# [Task item]
Apart from the pictures, every line below is to be set down exactly.

# [Data section]
····················
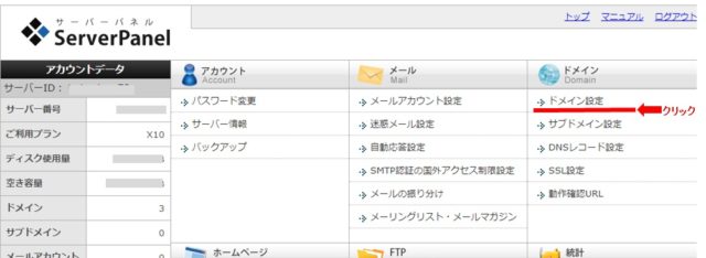 ・ドメインの追加設定(サーバー側:Xサーバーでは「サーバーパネル」)
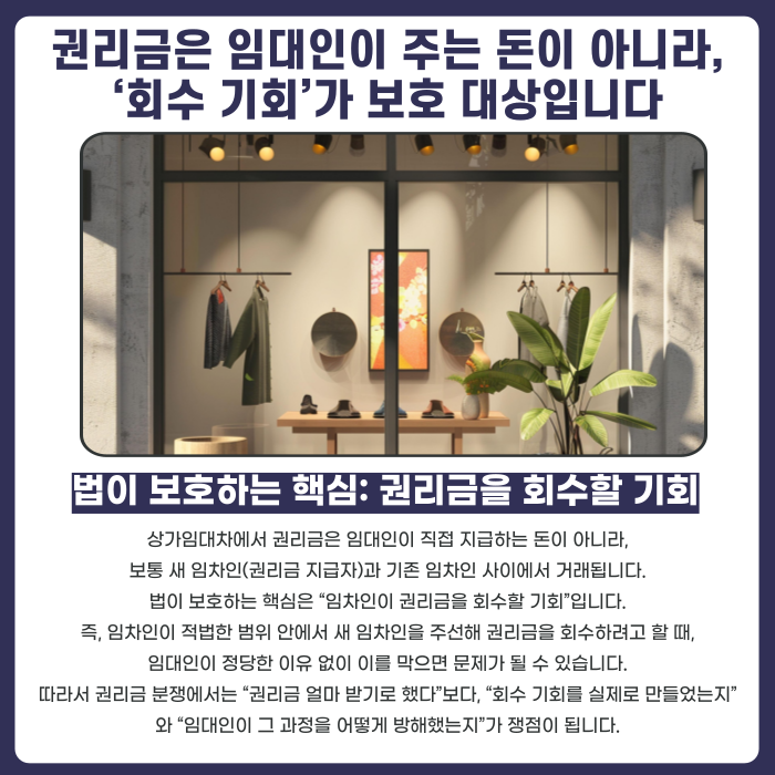 권리금은 임대인이 주는 돈이 아니라, ‘회수 기회’가 보호 대상입니다
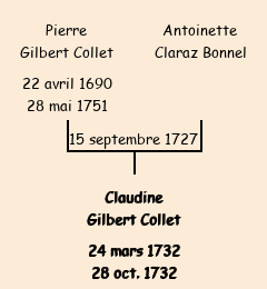 | Mère : Antoinette Claraz Bonnel | Marraine : Claudine Sibué d'Alpettaz (épouse de Michel Gilbert Collet) |
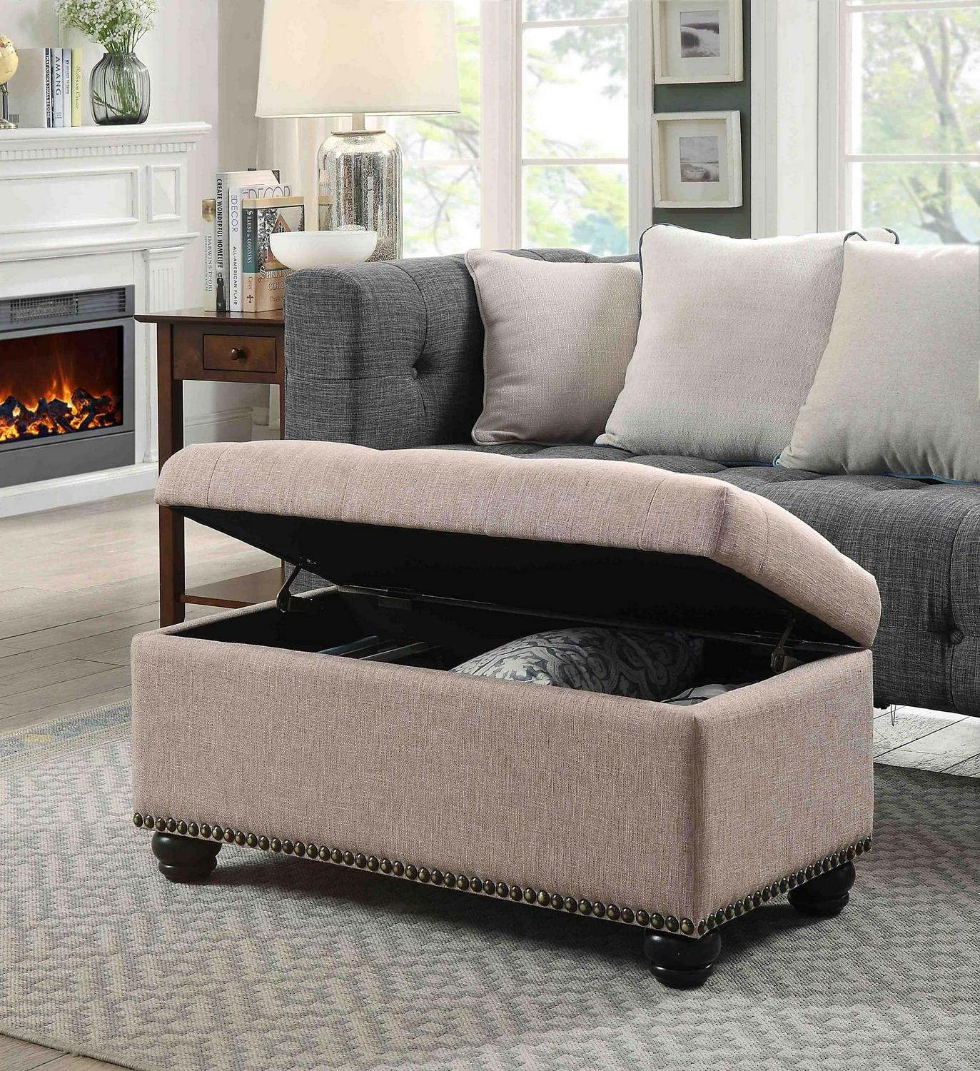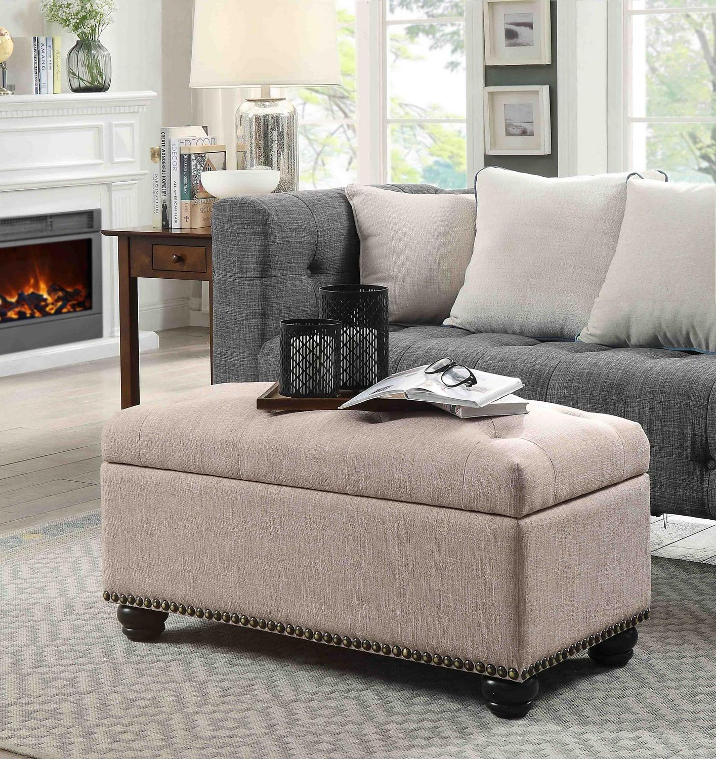 Convenience Concepts Designs4Comfort 7th Avenue Storage Ottoman, Tan Fabric
····················
# [Response to the task]
 ・ドメインの追加設定(サーバー側:Xサーバーでは「サーバーパネル」)
 권리금은 임대인이 주는 돈이 아니라, ‘회수 기회’가 보호 대상입니다
 | Mère : Antoinette Claraz Bonnel | Marraine : Claudine Sibué d'Alpettaz (épouse de Michel Gilbert Collet) |
 Convenience Concepts Designs4Comfort 7th Avenue Storage Ottoman, Tan Fabric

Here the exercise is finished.